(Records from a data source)
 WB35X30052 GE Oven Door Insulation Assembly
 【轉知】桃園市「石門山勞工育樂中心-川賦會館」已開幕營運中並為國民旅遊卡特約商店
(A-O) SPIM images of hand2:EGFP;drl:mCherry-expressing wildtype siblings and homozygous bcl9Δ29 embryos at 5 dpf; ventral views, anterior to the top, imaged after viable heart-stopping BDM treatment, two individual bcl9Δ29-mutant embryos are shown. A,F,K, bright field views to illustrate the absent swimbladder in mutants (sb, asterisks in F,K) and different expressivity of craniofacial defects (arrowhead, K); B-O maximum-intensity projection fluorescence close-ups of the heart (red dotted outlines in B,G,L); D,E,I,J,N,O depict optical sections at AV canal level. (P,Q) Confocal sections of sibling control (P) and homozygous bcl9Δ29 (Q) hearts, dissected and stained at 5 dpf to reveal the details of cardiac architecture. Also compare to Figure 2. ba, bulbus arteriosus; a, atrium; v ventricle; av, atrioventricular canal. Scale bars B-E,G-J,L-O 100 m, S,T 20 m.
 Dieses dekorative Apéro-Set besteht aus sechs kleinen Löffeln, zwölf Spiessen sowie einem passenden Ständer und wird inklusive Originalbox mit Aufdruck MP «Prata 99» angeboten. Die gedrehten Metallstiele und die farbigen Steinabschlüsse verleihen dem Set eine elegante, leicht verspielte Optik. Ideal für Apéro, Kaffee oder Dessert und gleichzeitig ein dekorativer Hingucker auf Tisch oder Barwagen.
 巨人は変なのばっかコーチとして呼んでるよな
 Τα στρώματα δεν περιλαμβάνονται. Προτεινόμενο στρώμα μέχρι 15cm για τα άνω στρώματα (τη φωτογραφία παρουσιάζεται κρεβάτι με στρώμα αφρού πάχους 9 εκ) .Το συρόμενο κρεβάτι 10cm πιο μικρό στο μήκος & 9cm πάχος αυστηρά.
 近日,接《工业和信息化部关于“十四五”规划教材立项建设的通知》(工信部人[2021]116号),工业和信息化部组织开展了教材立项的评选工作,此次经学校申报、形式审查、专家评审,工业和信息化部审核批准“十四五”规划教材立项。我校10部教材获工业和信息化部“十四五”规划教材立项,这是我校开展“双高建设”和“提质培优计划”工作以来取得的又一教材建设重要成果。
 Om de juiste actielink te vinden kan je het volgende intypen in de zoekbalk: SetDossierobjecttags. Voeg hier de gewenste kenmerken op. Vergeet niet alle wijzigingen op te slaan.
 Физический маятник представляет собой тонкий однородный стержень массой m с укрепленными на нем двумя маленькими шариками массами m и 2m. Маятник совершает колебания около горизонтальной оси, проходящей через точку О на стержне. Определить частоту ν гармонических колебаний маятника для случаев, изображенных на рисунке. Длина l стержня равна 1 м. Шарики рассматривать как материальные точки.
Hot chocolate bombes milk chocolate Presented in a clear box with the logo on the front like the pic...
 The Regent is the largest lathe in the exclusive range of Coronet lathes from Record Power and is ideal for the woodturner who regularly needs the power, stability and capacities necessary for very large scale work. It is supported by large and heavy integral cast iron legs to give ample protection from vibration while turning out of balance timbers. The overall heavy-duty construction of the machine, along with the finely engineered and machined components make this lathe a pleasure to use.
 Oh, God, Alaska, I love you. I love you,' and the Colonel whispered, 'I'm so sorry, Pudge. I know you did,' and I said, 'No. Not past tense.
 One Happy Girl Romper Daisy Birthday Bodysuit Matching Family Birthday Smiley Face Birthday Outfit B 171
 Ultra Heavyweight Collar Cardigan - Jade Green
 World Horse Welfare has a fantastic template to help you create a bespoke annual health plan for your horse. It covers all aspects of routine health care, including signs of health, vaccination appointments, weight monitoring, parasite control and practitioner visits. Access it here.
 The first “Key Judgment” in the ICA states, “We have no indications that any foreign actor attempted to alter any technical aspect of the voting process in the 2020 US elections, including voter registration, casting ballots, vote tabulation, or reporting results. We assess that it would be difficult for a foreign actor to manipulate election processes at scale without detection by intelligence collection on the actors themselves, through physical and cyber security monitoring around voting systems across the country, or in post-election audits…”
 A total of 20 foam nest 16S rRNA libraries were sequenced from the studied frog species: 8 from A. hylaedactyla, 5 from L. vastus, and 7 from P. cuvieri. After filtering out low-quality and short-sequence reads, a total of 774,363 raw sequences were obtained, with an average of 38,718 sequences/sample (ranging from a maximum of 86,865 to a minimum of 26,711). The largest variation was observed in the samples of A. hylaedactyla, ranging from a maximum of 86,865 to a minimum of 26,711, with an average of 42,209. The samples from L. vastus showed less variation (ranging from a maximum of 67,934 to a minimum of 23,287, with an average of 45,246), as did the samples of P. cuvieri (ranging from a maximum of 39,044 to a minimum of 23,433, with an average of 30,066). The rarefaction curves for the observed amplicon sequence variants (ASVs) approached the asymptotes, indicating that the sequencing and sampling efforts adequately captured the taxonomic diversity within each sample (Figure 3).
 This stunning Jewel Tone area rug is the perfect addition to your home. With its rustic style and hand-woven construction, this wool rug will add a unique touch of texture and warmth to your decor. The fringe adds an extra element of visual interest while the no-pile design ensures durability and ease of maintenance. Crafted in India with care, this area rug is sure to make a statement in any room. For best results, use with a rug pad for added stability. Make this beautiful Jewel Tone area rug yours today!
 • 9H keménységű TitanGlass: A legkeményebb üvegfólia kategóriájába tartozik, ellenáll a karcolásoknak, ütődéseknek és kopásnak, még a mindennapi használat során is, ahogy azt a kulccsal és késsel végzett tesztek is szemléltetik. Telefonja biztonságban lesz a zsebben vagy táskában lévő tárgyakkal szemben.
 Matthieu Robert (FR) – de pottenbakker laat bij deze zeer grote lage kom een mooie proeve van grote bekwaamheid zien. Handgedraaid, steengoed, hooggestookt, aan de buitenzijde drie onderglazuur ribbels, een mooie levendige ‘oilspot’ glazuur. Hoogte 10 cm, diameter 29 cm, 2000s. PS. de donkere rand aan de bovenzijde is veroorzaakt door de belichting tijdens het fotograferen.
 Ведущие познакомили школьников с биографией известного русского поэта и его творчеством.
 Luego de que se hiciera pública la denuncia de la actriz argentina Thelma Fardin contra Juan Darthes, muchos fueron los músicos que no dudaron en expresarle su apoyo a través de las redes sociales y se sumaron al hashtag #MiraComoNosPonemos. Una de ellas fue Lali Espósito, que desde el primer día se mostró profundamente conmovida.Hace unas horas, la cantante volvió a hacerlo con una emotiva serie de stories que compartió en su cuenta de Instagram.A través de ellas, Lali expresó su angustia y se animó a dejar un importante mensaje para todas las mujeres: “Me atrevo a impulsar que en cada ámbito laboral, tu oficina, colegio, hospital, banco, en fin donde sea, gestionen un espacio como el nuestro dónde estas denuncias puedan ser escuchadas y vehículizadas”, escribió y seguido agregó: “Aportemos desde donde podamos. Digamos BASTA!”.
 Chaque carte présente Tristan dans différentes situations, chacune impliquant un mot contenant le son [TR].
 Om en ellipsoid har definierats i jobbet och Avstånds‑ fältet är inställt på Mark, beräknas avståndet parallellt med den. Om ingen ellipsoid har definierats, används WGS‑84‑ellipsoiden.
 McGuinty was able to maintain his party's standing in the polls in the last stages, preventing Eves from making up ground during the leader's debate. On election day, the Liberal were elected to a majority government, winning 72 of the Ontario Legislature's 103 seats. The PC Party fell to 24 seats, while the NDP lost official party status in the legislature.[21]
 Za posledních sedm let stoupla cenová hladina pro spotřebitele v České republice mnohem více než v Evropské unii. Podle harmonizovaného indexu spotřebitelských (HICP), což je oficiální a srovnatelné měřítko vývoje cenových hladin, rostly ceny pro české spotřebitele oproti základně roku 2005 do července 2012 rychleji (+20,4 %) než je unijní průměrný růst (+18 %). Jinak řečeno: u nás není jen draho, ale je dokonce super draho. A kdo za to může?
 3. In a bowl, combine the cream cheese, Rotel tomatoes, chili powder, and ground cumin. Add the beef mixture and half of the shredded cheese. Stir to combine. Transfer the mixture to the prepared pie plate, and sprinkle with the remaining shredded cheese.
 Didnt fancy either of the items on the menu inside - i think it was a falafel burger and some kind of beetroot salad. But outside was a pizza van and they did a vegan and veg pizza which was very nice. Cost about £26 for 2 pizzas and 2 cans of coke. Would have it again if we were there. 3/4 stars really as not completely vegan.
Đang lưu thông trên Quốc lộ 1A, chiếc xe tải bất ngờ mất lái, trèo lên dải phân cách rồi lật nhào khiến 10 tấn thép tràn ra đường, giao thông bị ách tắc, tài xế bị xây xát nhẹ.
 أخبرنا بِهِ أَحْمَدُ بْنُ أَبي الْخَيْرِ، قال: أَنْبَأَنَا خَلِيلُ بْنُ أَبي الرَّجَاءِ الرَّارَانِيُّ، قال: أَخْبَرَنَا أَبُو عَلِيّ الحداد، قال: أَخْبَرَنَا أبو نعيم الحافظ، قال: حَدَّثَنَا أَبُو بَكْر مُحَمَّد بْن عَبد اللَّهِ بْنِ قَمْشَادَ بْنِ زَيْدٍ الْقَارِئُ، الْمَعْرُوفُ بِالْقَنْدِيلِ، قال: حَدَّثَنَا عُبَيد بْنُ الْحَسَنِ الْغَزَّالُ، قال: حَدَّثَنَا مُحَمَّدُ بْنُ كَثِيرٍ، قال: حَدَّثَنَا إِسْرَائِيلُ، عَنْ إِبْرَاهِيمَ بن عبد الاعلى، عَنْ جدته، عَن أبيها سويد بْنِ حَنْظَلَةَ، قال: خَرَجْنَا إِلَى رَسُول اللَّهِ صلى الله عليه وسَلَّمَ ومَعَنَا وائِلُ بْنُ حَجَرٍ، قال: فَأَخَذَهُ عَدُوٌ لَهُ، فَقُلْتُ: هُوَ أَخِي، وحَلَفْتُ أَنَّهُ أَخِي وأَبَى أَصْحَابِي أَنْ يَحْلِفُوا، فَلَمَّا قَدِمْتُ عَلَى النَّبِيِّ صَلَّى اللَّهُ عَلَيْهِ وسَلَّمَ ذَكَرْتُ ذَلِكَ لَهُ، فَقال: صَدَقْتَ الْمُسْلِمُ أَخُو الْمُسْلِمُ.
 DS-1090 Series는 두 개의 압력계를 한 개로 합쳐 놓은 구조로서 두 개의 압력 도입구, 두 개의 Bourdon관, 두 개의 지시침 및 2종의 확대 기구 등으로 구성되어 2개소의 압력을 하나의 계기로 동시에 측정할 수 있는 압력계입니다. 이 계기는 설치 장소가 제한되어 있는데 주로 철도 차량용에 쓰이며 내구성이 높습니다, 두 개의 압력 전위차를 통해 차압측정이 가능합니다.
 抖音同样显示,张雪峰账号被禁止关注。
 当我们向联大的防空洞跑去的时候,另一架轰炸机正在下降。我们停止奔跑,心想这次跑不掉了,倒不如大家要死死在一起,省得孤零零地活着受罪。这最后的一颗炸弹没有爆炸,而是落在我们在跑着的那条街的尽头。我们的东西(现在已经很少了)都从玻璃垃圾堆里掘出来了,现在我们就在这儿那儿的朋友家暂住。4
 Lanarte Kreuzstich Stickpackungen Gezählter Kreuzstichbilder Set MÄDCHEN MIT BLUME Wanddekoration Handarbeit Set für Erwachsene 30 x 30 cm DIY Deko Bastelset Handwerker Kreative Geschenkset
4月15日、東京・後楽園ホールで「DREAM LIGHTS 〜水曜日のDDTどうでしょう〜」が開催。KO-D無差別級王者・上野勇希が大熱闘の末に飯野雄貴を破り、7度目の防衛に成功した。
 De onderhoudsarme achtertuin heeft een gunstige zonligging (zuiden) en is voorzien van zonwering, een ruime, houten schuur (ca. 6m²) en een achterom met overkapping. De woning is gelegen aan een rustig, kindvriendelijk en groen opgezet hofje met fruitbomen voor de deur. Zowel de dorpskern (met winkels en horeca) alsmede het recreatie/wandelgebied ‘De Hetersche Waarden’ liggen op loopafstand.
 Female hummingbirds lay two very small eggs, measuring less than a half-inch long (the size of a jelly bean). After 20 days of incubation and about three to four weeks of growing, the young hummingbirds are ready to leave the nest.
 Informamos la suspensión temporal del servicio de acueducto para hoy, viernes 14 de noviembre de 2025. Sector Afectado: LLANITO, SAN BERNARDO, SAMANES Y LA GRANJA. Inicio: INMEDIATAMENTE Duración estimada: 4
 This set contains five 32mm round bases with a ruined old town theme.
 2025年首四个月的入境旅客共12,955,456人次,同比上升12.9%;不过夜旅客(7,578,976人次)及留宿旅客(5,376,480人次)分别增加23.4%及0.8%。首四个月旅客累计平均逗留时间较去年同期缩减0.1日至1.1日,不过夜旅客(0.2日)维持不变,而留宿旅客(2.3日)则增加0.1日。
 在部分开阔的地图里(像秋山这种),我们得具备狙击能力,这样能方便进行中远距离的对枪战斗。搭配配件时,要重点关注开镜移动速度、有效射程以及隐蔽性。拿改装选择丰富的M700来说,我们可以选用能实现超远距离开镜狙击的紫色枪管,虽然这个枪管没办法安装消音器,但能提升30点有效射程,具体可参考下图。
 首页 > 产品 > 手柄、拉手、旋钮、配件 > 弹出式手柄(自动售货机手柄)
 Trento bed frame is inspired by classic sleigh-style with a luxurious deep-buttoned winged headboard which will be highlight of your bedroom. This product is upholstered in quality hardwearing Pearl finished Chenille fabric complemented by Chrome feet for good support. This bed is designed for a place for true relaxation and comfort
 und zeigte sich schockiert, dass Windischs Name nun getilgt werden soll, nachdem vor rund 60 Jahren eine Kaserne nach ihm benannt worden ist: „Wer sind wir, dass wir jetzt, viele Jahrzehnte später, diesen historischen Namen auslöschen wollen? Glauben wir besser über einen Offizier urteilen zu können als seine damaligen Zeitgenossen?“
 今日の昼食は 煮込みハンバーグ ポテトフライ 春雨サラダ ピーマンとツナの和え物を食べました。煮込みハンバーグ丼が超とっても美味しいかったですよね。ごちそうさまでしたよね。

Work task
In the entries above, locate every line with the word "largest" and copy it.

Problem solution
 The Regent is the largest lathe in the exclusive range of Coronet lathes from Record Power and is ideal for the woodturner who regularly needs the power, stability and capacities necessary for very large scale work. It is supported by large and heavy integral cast iron legs to give ample protection from vibration while turning out of balance timbers. The overall heavy-duty construction of the machine, along with the finely engineered and machined components make this lathe a pleasure to use.
 A total of 20 foam nest 16S rRNA libraries were sequenced from the studied frog species: 8 from A. hylaedactyla, 5 from L. vastus, and 7 from P. cuvieri. After filtering out low-quality and short-sequence reads, a total of 774,363 raw sequences were obtained, with an average of 38,718 sequences/sample (ranging from a maximum of 86,865 to a minimum of 26,711). The largest variation was observed in the samples of A. hylaedactyla, ranging from a maximum of 86,865 to a minimum of 26,711, with an average of 42,209. The samples from L. vastus showed less variation (ranging from a maximum of 67,934 to a minimum of 23,287, with an average of 45,246), as did the samples of P. cuvieri (ranging from a maximum of 39,044 to a minimum of 23,433, with an average of 30,066). The rarefaction curves for the observed amplicon sequence variants (ASVs) approached the asymptotes, indicating that the sequencing and sampling efforts adequately captured the taxonomic diversity within each sample (Figure 3).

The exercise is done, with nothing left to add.